I was a heroin addict when I found out I was eight weeks pregnant. The doctor said I had to go on Subutex. I had no choice. My son 100% saved my life. I’m lucky. My parents are very active in my life and I have a lot of support. But what about the women who don’t? My dream was to create a peer system for pregnant women to help guide them. Lots of women get clean when they’re pregnant because they get more social services.

 

When I came out in the cannabis industry I lost friends in the recovery activist world. People said I was delusional to be working with drugs again. I say recovery is recovery. If standing on your head helps you recover, do it. You’re alive. 

 

How is Maine doing on equity?

Maine is not making an effort to bring in women and people of color, or even people from Maine.

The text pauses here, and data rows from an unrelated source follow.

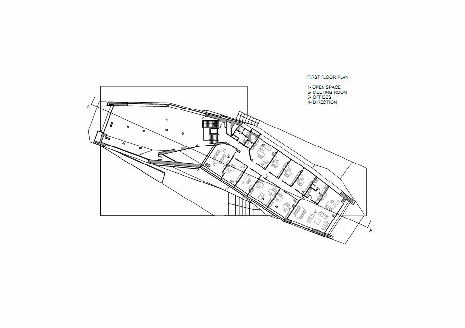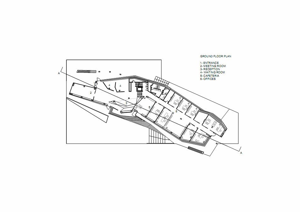 For what it’s worth, it would be interesting to see this building with the façade treated differently. I don’t mind the glass panels, which creates an interesting effect, but the fact that they are perfectly rectangular, except for the cuts made to fit the angles of the building, they do little to promote those gestures. By keeping the windows and entrances perpendicular to the ground, it emphasizes the rectangular nature of the building, hinting that the exterior is only a skin, most of which is only used for shading. No doubt Damilano Studio thought about this while designing the Oficina Vidre Negre, but it still leaves me to wonder how the building would have appeared if the panels were made in respect to the angles of the structure instead of adding a grid to a more abstract geometric prism.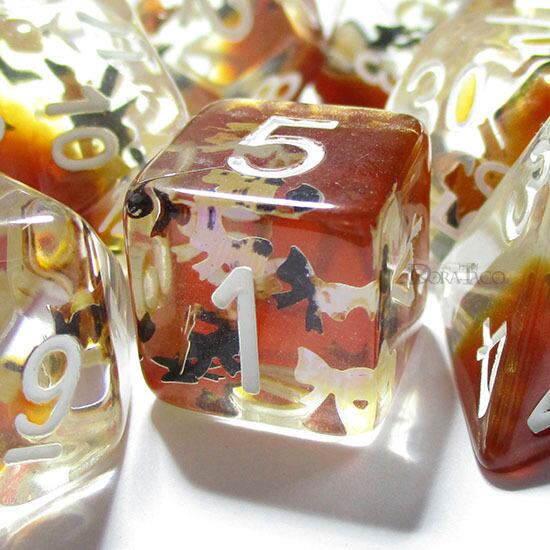 リボン型ラメ入り【ブラウン】サイコロ7個セット UDRDL0106brown
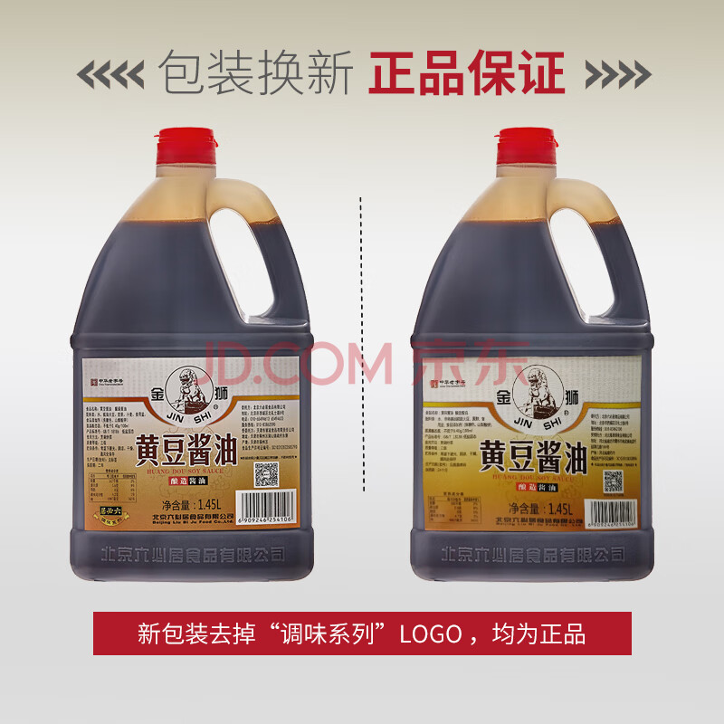 商品相册:六必居 金狮 黄豆酱油【生抽酱油】1.45L 酿造酱油 中华老字号第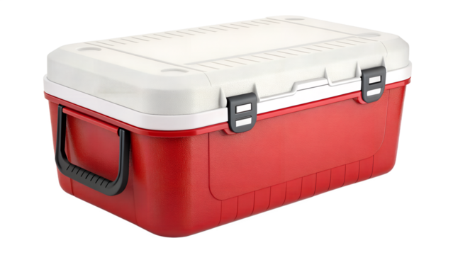 Wicker picnic basket with red checkered cloth isolated on transparent background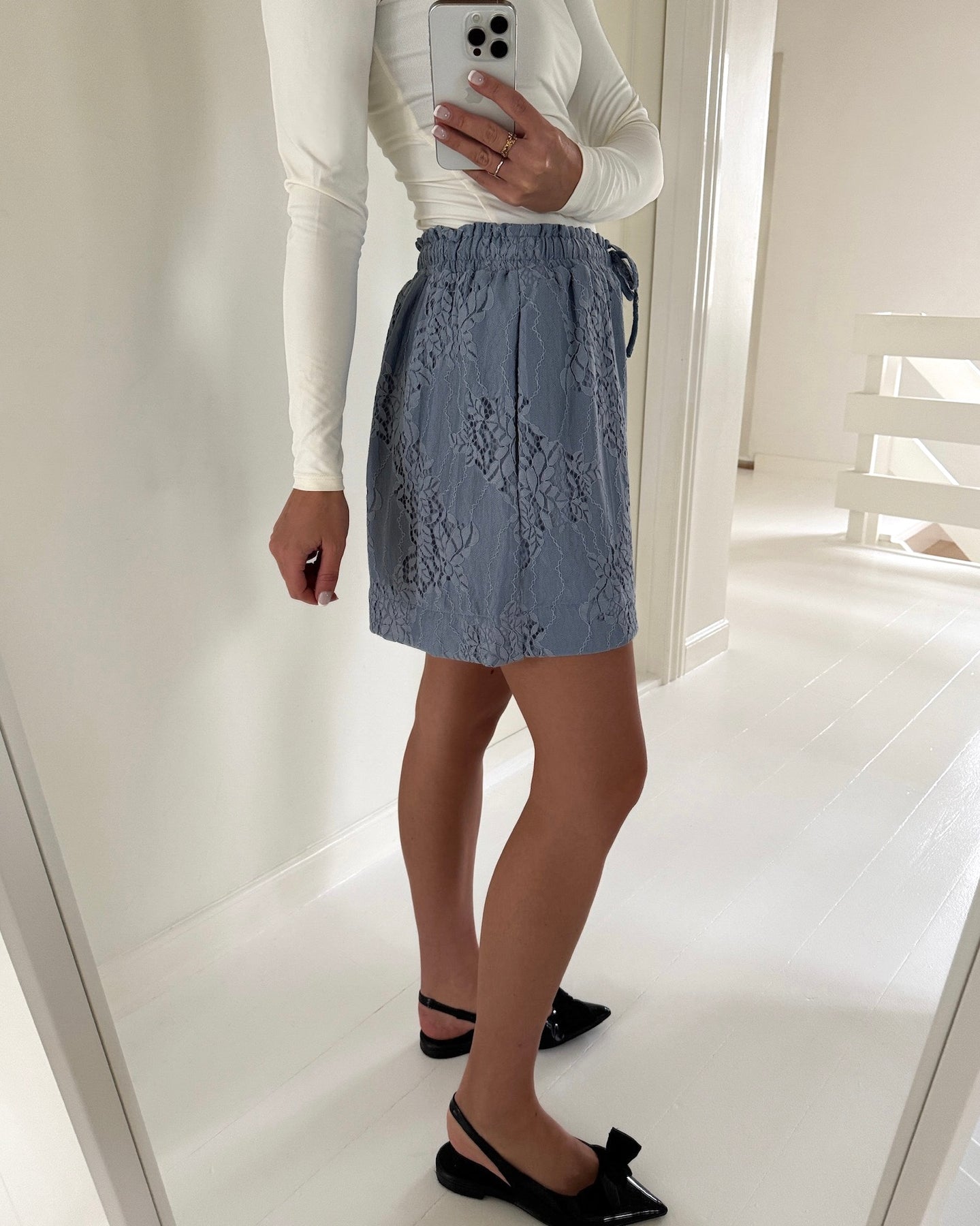 Lækre shorts i en sød blå farve med fine blondedetaljer.

I’ve tried to access trade organizations but instead we have [to] pay to meet. I’ve met some badass women pulling the reins, but I thought there’d be more of us. I keep looking in the shadows and not finding them! Most are admins or reps. There is a group out west called Supernova Cannabis. It’s for women of color opening up their own businesses, being the CEOs, the cultivators. They’re ensuring they have power. I love it.

 

I hate it when I see homophobia. The LGBT community and HIV activists brought us medical and recreational. They went to jail, they pushed, they fought. We’re being capitalized now by white men, but it was brought up through the LGBT community and black people who paid the price for years.

 

Because there aren’t many women who actually do the cultivating and the strain selection, I’ve had people high up tell me that if I want to get rich I could get a magazine or something. I just want to make sure my family is ok. Maybe if it was twenty years ago and they got me then, I’d be a cultivator rock star!